Opinion polls before Thursday had predicted Labour would win in the central constituencies of Edinburgh, Glasgow and the surrounding areas, winning 25 or 26 seats.
“This is a huge moment for the Labour party, there’s no denying that. This is a huge achievement for Keir Starmer,” Ms Sturgeon said. “As the night goes on, I think it will be interesting to see whether this is a collapse of the Conservative party rather than a rise of Labour.”
The election comes after Labour spent a decade trying to regain support in Scotland after suffering heavy defeats in 2015 and 2019. Buoyed by the independence referendum the previous year, the SNP won 56 of the then 59 seats in 2015, beating all other candidates.

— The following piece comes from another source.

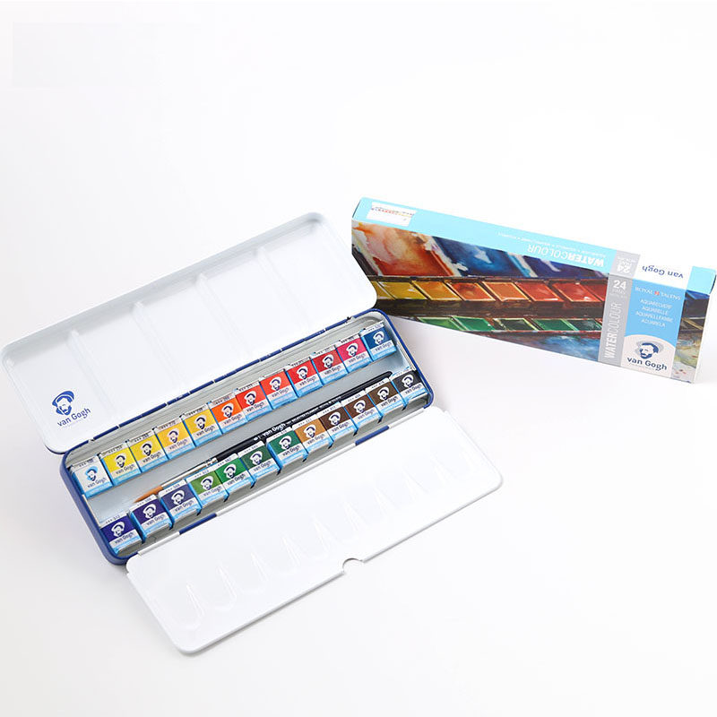 Imported Van Govan high solid water color paint suit portable iron case 48 color 36 color 24 color 18 color 12 color 12 color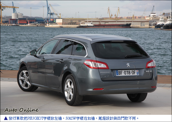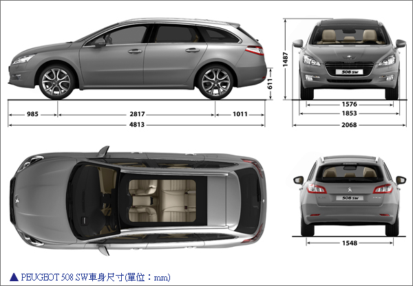 PEUGEOT 508同時推出三廂四門與SW旅行車款,與407相比,車長增加100mm達到4792mm,軸距增加90mm達到2817mm,使得後座腿部空間增加54mm,甚至比607增加22mm之多。前懸縮短了43mm以避免前保桿下方的損傷,後懸增加52mm使得行李空間增加66公升,達到497公升之多。旅行車款的車長更達到4813mm,空間便利性不在話下。

Labour made a slight recovery in 2017, gaining seven seats, but lost six in 2019.
As the SNP’s firm grip on Scottish politics weakens, it will call into question the party’s political strategy, which centres around Scottish independence and its constitutional status.
The Conservative Party has been unpopular in Scotland, a country that voted to remain in the EU in 2016, so the party’s independence strategy has been maintained.
But worsening NHS waiting lists, the cost of living crisis and Labour’s resurgence may have caused voters to divorce their desire for stability from the constitutional question of independence that was at the heart of the SNP’s 2024 manifesto.